## PROVIDED RECORDS

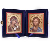 Икона Складень, экокожа, вышивка, рамка ...
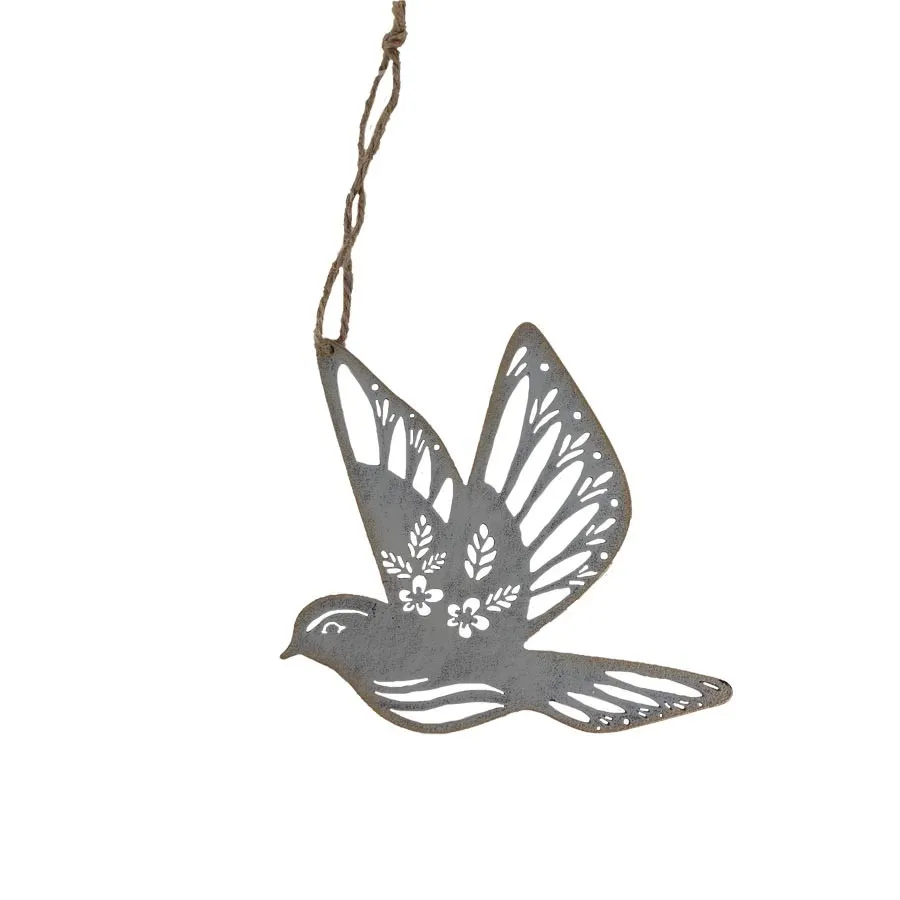 Decorative bird for hanging. Dimensions: 11 x 15 cm, thickness 0.1 cm. Color: a combination of gray and rust. Material: metal.
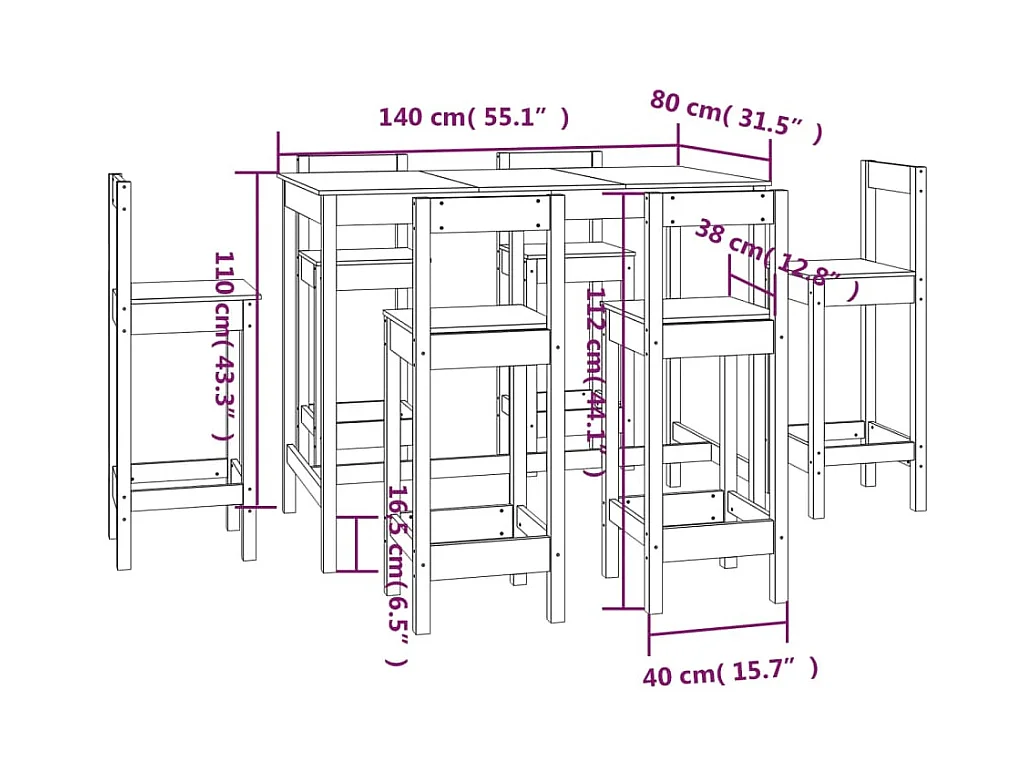 Ensemble à manger Panama 7 pcs blanc bois de pin massif
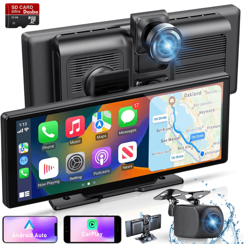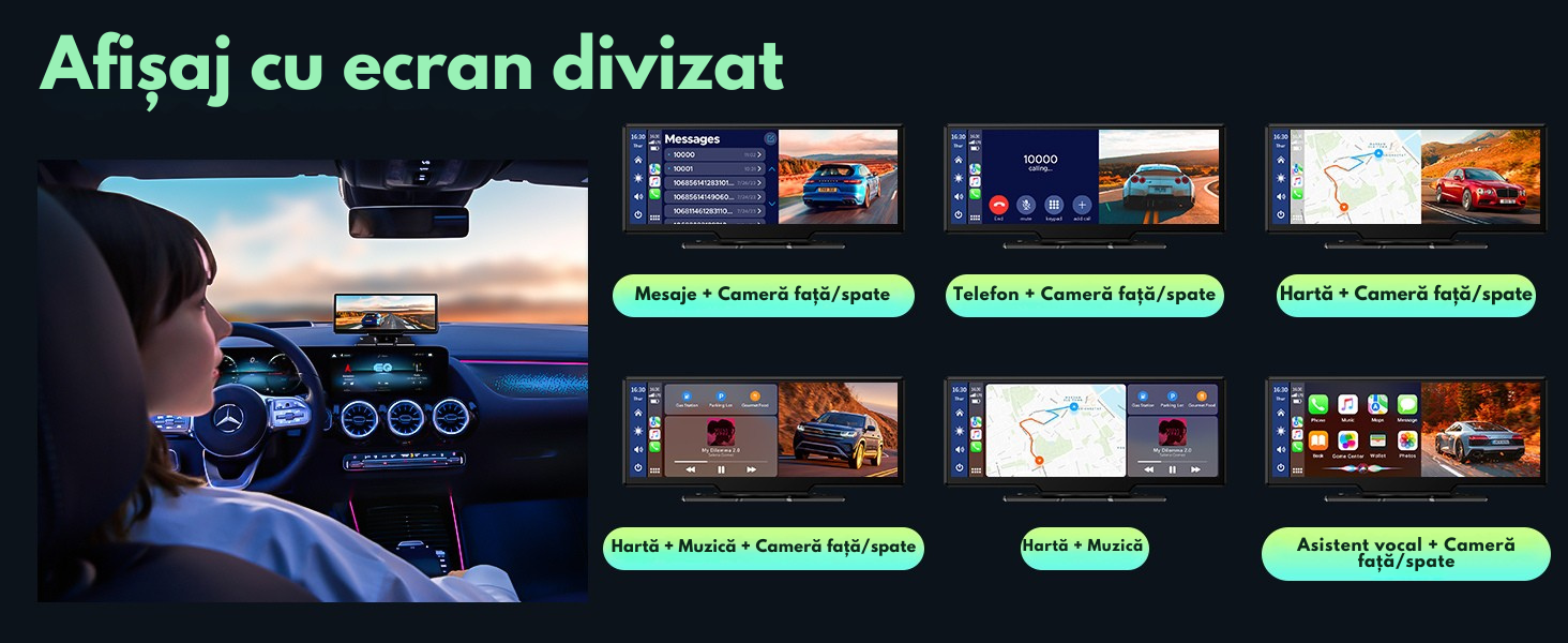 Navigatie Auto Multimedia Universarala Dasbo®, Display 10.26 inch, Camera inregistrare fata + spate inclusa, Ecran IPS HD full-touch, Apple Carplay si Android Auto Wireless, Bluetooth, FM, AUX, MirrorCast, Split-screen, GPS-integrat, Card Micro-SD 32 GB. Transforma orice masina intr-un vehicul inteligent cu noul sistem multimedia CarPlay & Android Auto!
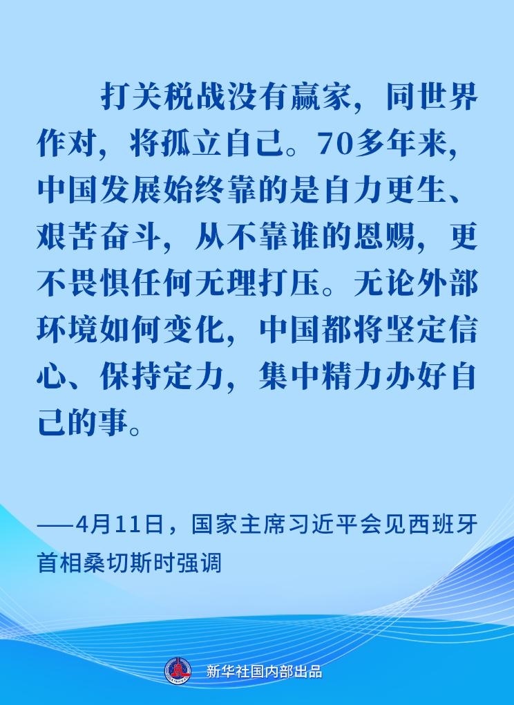 “打關稅戰(zhàn)沒有贏家,同世界作對,將孤立自己。70多年來,中國發(fā)展始終靠的是自力更生、艱苦奮斗,從不靠誰的恩賜,更不畏懼任何無理打壓。無論外部環(huán)境如何變化,中國都將堅定信心、保持定力,集中精力辦好自己的事。”
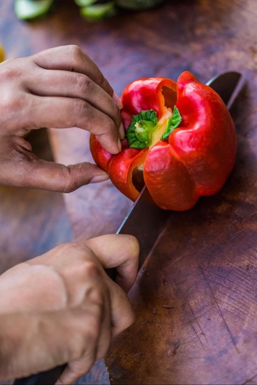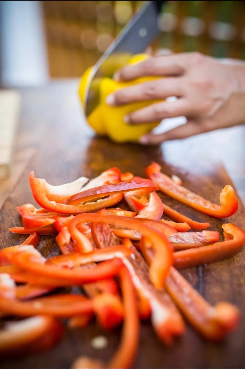 1. Sauté peppers, tomatoes, onions, garlic, red chilies in olive oil untill cooked and soft. Add chopped coriander.
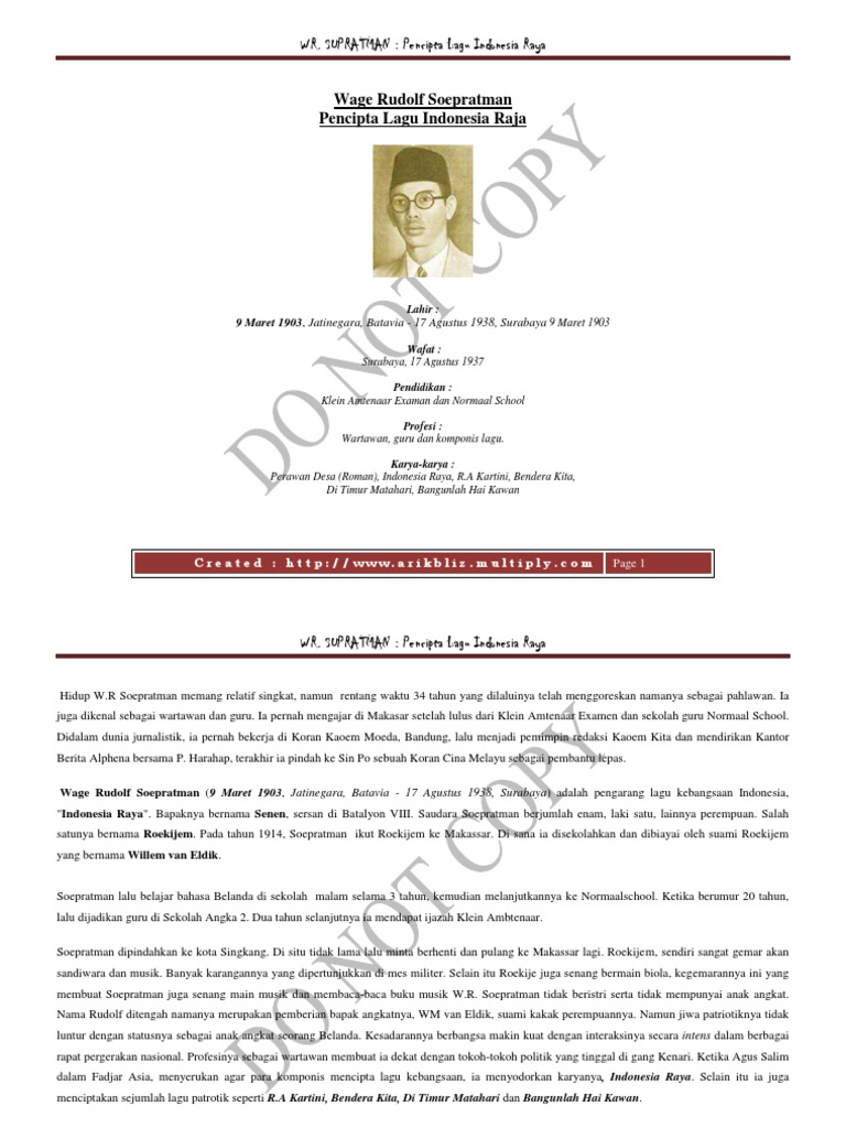 DOC) BIOGRAFI Wage Rudolf Soepratman | Grefirza Bestrofala - Academia.edu
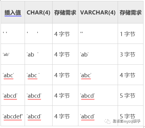 【实例】下面将不同的字符串保存到 CHAR(4) 和 VARCHAR(4) 列,说明 CHAR 和 VARCHAR 之间的差别,如下表所示。
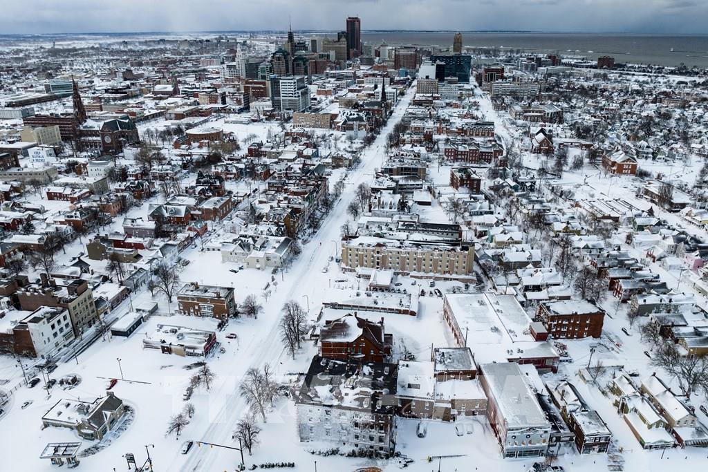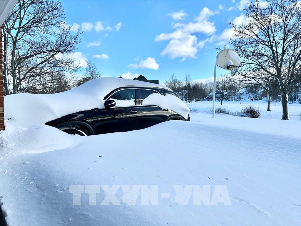 "Trận bão tuyết thế kỷ" tại Mỹ đã khiến ít nhất 50 người thiệt mạng, hơn 1 triệu người rơi vào cảnh mất điện và hàng nghìn chuyến bay bị hoãn, hủy. Trong ảnh: Tuyết phủ dày đặc tại Buffalo, New York, Mỹ, ngày 25/12/2022. Ảnh: AFP/ TTXVN
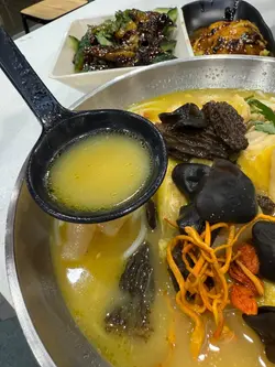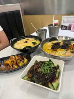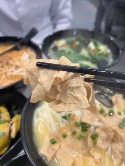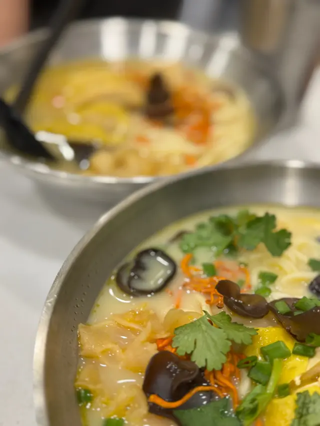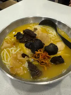 nothing beats a HUGE piping hot bowl of fish maw chicken noodles! the broth was so rich we almost drank it all. definitely coming back soon!!冇嘢比得上一大碗熱辣辣嘅花膠雞米線!個湯好味到差啲飲曬,絕對會返來🍄mushroom fish maw chicken shanghai noodles 姬松茸竹笙花膠雞上海麵the chicken was lean but tender, and the bamboo fungus soaked up all that umami goodness. we also got to choose our noodles. i tried the shanghai noodles which were rlly chewy, just the way i liked it 雞肉瘦得來夠嫩,竹笙索曬啲湯,仲可以自己揀面(米線/寬粉/上海麵/飯),我揀咗煙韌嘅上海面,啱曬我口味🐣signature fish maw chicken rice noodles 招牌花膠雞米線without mushroom but equally SATISFYING朋友幾次來都係叫呢個,雖然冇菇,但一樣咁正🍘deep fried tofu 金磚豆腐must order!! crispy, salty, peppery- addictively gooood必叫,脆卜卜,椒鹽超惹味🍹yuzu tea 熱柚子蜜 🍑peach oolong tea 凍蜜桃烏龍冷泡茶price: $50-100 pprating: 9/10revisit? yesss…查看更多
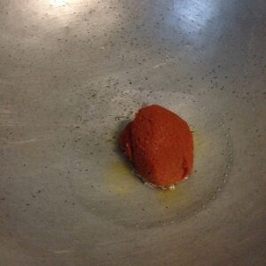 สเต็ป 3 : ใส่น้ำพริกแกงเผ็ดลงไปผัด (ควรใช้ไฟอ่อน เพราะถ้าน้ำพริกแกงไหม้จะทำให้มีรสขมค่ะ)
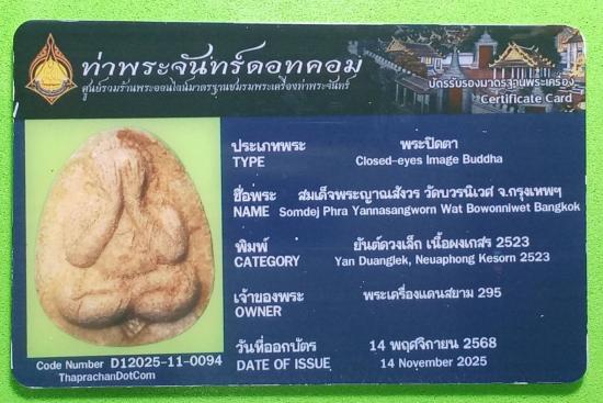 พระปิดตายันต์ดวงเล็ก หรือยันต์ดวงสุกิตติมา เนื้อผงเกสร ๑๐๘ ชนิด ตัวอิ๊วประทุ สอดตะกรุดเงิน สมเด็จพระญาณสังวร(เจริญ สุวัฑฒโน ปธ.๙) พิธีพุทธาภิเษก ณ พระอุโบสถคณะรังสี วัดบวรนิเวศวิหาร ๒ ตุลาคม ๒๕๒๓ หลวงปู่โต๊ะ วัดประดู่ฉิมพลี ร่วมปลุกเสก สมเด็จพระญาณสังวรฯทรงจุดเทียนชัยและประธานอธิษฐานจิต พร้อมด้วยพระคณาจารย์แห่งยุคอีกหลายรูป ไม่มีกล่อง เคาะเดียว มาพร้อมบัตรรับรองชมรมพระเครื่องท่าพระจันทร์
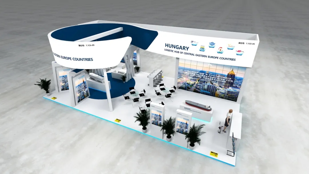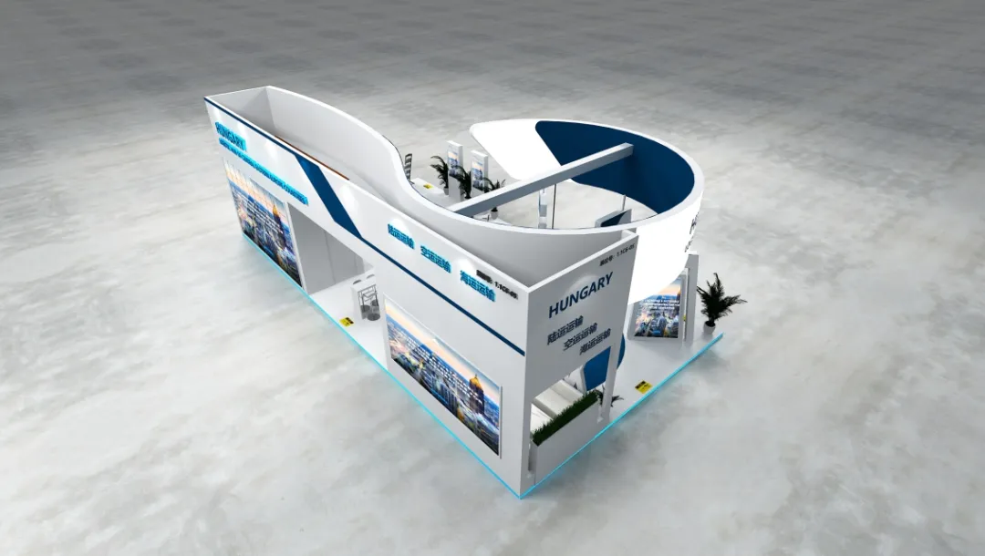 CECZ中欧商贸物流合作园区展台,以“中欧跨区域协作纽带的国家级合作形象具象化”为核心落点:采用蓝白主调搭配中欧双元标识元素,精准锚定跨国家合作平台的视觉辨识度;弧形开放动线既呼应物流合作“互通互联”的核心属性,又营造出开放共融的国家间协作氛围;展陈中融入中欧商贸物流枢纽资源、合作成果等内容分区,让观展者在场景化体验中感知园区作为中欧国家间商贸物流协作载体的功能价值——既以符号化设计强化了“中欧合作”的国家级项目属性,又以功能化展陈传递了跨区域商贸物流平台的实际价值,是国家间合作类展台“形象标识性 + 价值传递性”双向落地的优质实践。

## EXERCISE
When you reach the line that has "和 VARCHAR 之间的差别,如下表所示。" in the data above, start repeating lines exactly, and stop after the line that has "Ảnh: AFP/ TTXVN"; pictures stay out.

## YOUR RESPONSE
 【实例】下面将不同的字符串保存到 CHAR(4) 和 VARCHAR(4) 列,说明 CHAR 和 VARCHAR 之间的差别,如下表所示。
 "Trận bão tuyết thế kỷ" tại Mỹ đã khiến ít nhất 50 người thiệt mạng, hơn 1 triệu người rơi vào cảnh mất điện và hàng nghìn chuyến bay bị hoãn, hủy. Trong ảnh: Tuyết phủ dày đặc tại Buffalo, New York, Mỹ, ngày 25/12/2022. Ảnh: AFP/ TTXVN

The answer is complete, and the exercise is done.